Feb 12 2019
Solid materials are actually not quite as solid as they seem. Generally, each atom usually vibrates around a specific position in the material. Most theoretical models that aim to define solid materials are based on the notion that the atoms keep their positions and do not travel great distances from them.
Johan Klarbring. (Image credit: Thor Balkhed)
This is not the case for some materials, such as materials with very high ionic conductivity and those where the building blocks are not only atoms but also molecules. Several of the perovskites that are promising materials for solar cells are of this kind.
Johan Klarbring, Doctoral Student in Theoretical Physics, Linköping University.
Perovskites are identified by their crystal structures and come in various forms. Their elements can be both molecules and atoms. The atoms in the molecules vibrate, but the total molecule can also rotate, which means that the atoms travel considerably more than is frequently presumed in the calculations.
Dynamically disordered solid materials
Materials that display this atypical behavior are called “dynamically disordered solid materials”. Dynamically disordered solid materials exhibit enormous potential in environmentally sensitive applications. Materials that are good ionic conductors show, for instance, potential in the development of solid electrolytes for fuel cells and batteries, and for thermoelectric applications.
Nevertheless, the properties of materials have been complicated to calculate theoretically and scientists have repeatedly been forced to use laborious experiments.
Jonas Klarbring has formulated a computational technique that describes accurately what takes place when these kinds of material are heated and experience phase transitions. Johan Klarbring and his supervisor, Professor Sergei Simak, have reported the outcomes in the scientific journal Physical Review Letters.
Bismuth oxide
They have examined bismuth oxide (Bi2O3), a material said to be an excellent ionic conductor.

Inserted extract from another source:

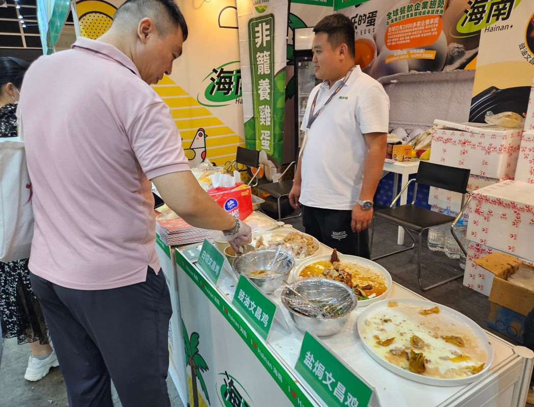 市民在海南展團展位試食文昌雞。(香港中通社記者 黃璇攝) 組展方介紹,農業農村部有兩大計劃,一是“農業品牌精品培育計劃”,二是“農業國際貿易高質量發展基地”(國貿基地),這兩大計劃目前都在不斷推進,並形成一個企業庫。“該計劃採取申報制,我們會不斷對企業進行評價、篩選。企業遞交申報材料後,經過專家評審合格,我們會將其入庫。入庫後,貿促中心會重點推介這兩個企業庫裡的企業。國貿基地目前完成了第二批篩選,有200多家企業入庫。” 本次參展則匯聚了“農業品牌精品培育計劃”首批發布的區域公用品牌及核心授權企業(註:區域公用品牌指在一個具有特定的自然環境、人文歷史或生產加工歷史的區域內,由相關組織註冊和管理,並授權若干農業生產經營者共同使用的農產品品牌)。本屆也是參展以來組展面積最大、展團企業最多、展品類別最豐富、品牌推廣最集中的一屆。

This oxide, where current is conducted by oxide ions, is the finest oxide ion conductor of all identified solid materials. Experiments have revealed that it has a low conductivity at low temperatures, but when heated it experiences a phase transition into a dynamically disordered phase having high ionic conductivity.

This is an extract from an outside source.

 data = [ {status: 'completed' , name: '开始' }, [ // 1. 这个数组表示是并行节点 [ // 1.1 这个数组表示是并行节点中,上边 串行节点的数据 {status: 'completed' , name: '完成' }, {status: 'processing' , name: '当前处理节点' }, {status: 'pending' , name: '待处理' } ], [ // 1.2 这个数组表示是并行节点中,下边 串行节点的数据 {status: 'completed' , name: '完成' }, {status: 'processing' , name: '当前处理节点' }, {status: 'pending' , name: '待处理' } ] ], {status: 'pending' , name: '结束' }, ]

The article in Physical Review Letters describes how we have been able for the first time to theoretically describe the phase transition in bismuth oxide, and calculate the temperature at which it occurs. This provides an important theoretical basis for the development of, for example, electrolytes in fuel cells, where it is important to know exactly when the phase transition takes place. I start from an ordered phase, which is well-described by conventional methods. I then use a technique known as ‘thermodynamic integration’, which I have adapted to deal with the disordered motion. The ordered phase is coupled to the disordered one, with the aid of a series of quantum mechanical calculations, carried out at the National Supercomputer Centre at LiU.
Johan Klarbring, Doctoral Student in Theoretical Physics, Linköping University.
Perovskites next
The theoretical calculations are in complete agreement with how the material acts in laboratory experiments.

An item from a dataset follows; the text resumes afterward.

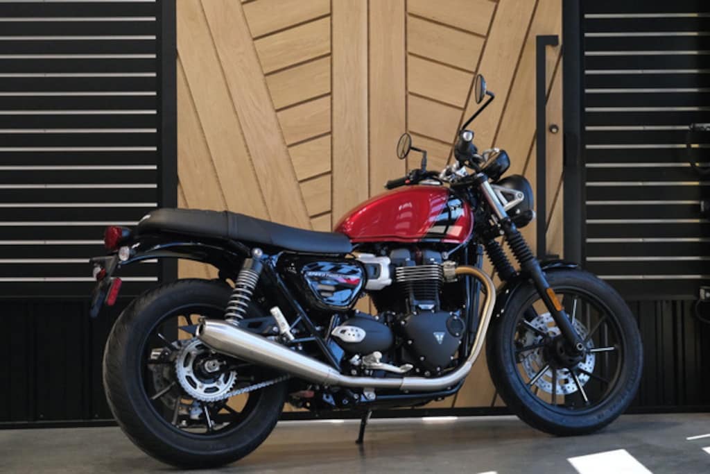 Purchase any MY23 or MY24 motorcycle from the Triumph Bonneville line-up with No Payment, No Interest, and No Money Down for 3 Months with Freedom Road Financial & Sheffield Financial.+*+No/No/No offer eligible on new MY23/MY24 motorcycles 900cc+ in the Triumph Modern Classic family.*Cannot be combined with any other offer. 2024 Triumph Speed Twin 900 Carnival Red/Phantom BlackThe newly re-named Speed Twin 900 comes in three colors, including classic Triumph Jet Black, a Matte Ironstone and a sophisticated new Matte Silver Ice option, with silver and yellow accents.Features may include:UPDATED HIGH TORQUE TWINThe Speed Twin 900’s updated 900cc HT Bonneville engine delivers thrilling performance with 59 LB-FT peak torque and 64 HP peak power, and all of that classic British twin sound.ICONIC DESIGN DNAThe 1959 Bonneville spirit lives on with the Speed Twin 900's stripped-back custom classic style and iconic Triumph DNA – from its silhouette, to its signature knee indents, engine fins and twin upswept silencers.PREMIUM DESIGN UPDATESIncluding cast wheels with machined spoke detailing, a stylish bench seat, side panel design and premium foil tank decals, plus throttle body finishers and brushed aluminum headlight brackets.ENHANCED COMFORTThe Speed twin 900’s trademark comfortable easy ride comes courtesy of an accessible 30.31 in low seat height and excellent stand-over ergonomics, now with a bench seat with thicker seat foam, for even more comfort.CONFIDENCE-INSPIRING RIDEHigh-specification brakes, suspension and tires, torque-assist clutch, rider-focused technology and comfortable rider ergonomics all combine to deliver the Street Twin’s renowned confidence-inspiring ride.HIGH-SPECIFICATION BRAKESHigh-specification Brembo 4-piston front brake caliper with a 310mm disc delivers excellent stopping power, for great rider control, with exceptional bite and feel.HIGH-QUALITY SUSPENSION41mm cartridge front forks with traditional stylish rubber fork gaiters and twin rear suspension units, both with 4.72 in (120mm) wheel travel, deliver a comfortable ride in all conditions.ADVANCED TECHNOLOGYRoad and Rain riding modes, which adjust the throttle map and traction control settings, switchable traction control, ABS, distinctive LED rear light, under seat USB charger and an immobilizer.

The scientists currently plan to test the technique on other stimulating materials, such as perovskites, and on materials having high lithium ionic conductivity. The latter are of interest for the progress of high-performance batteries.
“Once we have a deep theoretical understanding of the materials, it improves the possibilities to optimise them for specific applications”, concludes Johan Klarbring.
The study is supported by the Swedish Research Council and the Swedish Government Strategic Research Area initiative in Material Science on Functional Materials at Linköping University.